Agent memory & shared history. Each agent remembers its own recent decisions and can see a public history of what other actors just did (if the constitution allows).
Inter-agent deliberation. Each turn features a deliberation phase where agents can negotiate, threaten, or signal intent by sending messages to each other's inboxes.
Schema-driven constitutions. Strict Pydantic v2 models; YAML in, typed objects out. Constitutions can enforce communication limits (e.g. authoritarian gag orders).
Rules engine is source of truth. Agents propose typed actions; the engine accepts or rejects with a reason. The LLM cannot mutate state directly.
Partial observability. Each role gets a state view filtered by its observation_limits.
Institutional metrics. Power concentration, deadlock, trust volatility, legitimacy, corruption pressure, emergency-power drift.
Repeated-run evaluation harness. Multi-seed runs with pandas / matplotlib output.
Deterministic when seeded (heuristic mode is byte-for-byte reproducible; LLM mode is reproducible up to provider variance).

Requirements

Python 3.10+ (target: 3.14)
pydantic >= 2, PyYAML, pandas, matplotlib, seaborn
For AI cognition: openai (and/or anthropic)

Install

git clone https://github.com/arianXdev/constitution-sim.git
cd constitution-sim
pip install -e ".[dev,llm]"     # core + tests + LLM SDKs (recommended)
# or, no-LLM-only install:
pip install -e ".[dev]"

This exposes a constitution-sim console entry point.

Quickstart (AI-powered)

export OPENAI_API_KEY=sk-...
constitution-sim run \
  --constitution constitutions/advanced_constitution.yaml \
  --scenario     constitutions/scenario.yaml \
  --turns 20 --seed 42 \
  --log         /tmp/cs/events.jsonl \
  --metrics-out /tmp/cs/metrics.csv

That's it. The default --agent-type auto notices the key, spins up LLM-powered Executive / Legislature / Judiciary / Media / Bureaucracy agents, and runs the simulation. You'll see a one-liner telling you which provider was picked.
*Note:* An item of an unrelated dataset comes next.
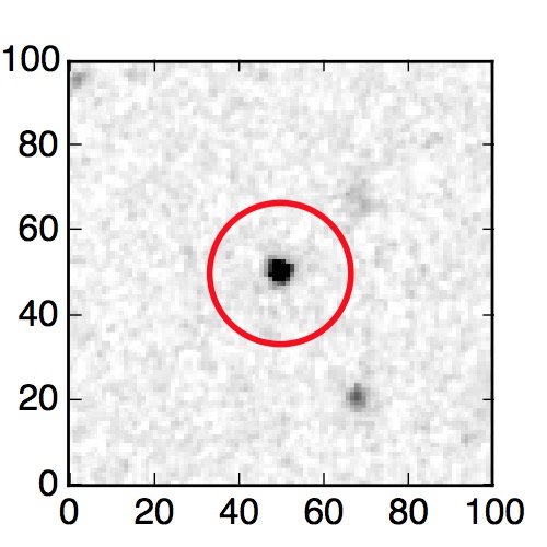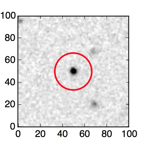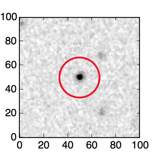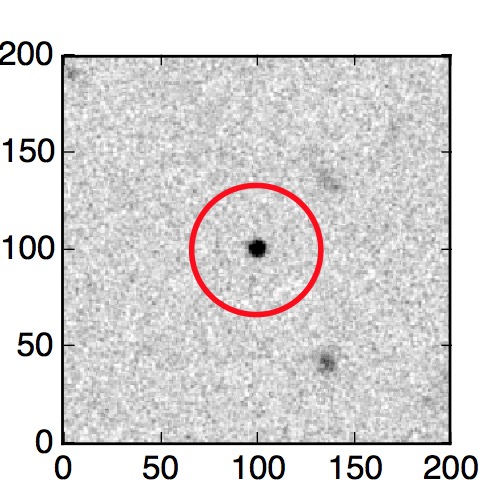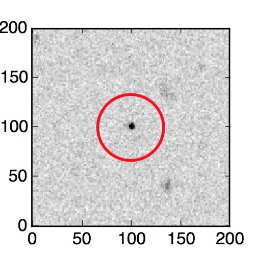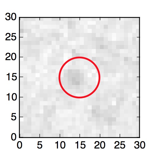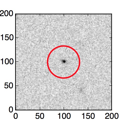 The red circle in the various panels is 1" in radius. The images are 6"x6".

Want to force a provider explicitly?

constitution-sim run --agent-type openai    --model gpt-4o-mini       ...
constitution-sim run --agent-type anthropic --model claude-sonnet-4-5 ...

Want deterministic, no-API runs (for tests / reproducibility)?

constitution-sim run --agent-type heuristic ...

The four CLI subcommands

# 1. Validate a constitution YAML against the schema.
constitution-sim validate --constitution constitutions/advanced_constitution.yaml

# 2. Run a simulation (single seed or multi-seed evaluation).
constitution-sim run \
  --constitution constitutions/advanced_constitution.yaml \
  --scenario     constitutions/scenario.yaml \
  --turns 30 --runs 5 --seed 42 \
  --log         /tmp/cs/events.jsonl \
  --metrics-out /tmp/cs/metrics.csv \
  --plot-dir    /tmp/cs/plots

# 3. Replay a recorded event log (structured summary, not re-execution).
constitution-sim replay --log /tmp/cs/eval_logs/run_0_events.jsonl --show-first 5

# 4. Compare two evaluations (e.g. two constitutions).
constitution-sim compare --a /tmp/cs/metrics_A.csv --b /tmp/cs/metrics_B.csv

What the LLM sees

For each turn, the LLM agent is prompted with:

A role-specific persona (Executive / Legislature / …).
The constitution's name, description, and the list of other roles.
Its own declared goals and utility weights (from the YAML).
A partial state view filtered by its observation_limits.
Public political history: recent public actions taken by all actors.
Inbox messages: any negotiation/signals received during the turn's deliberation phase.
A short memory of its own recent decisions (and whether they were legal).
The exact set of typed actions it's allowed to return.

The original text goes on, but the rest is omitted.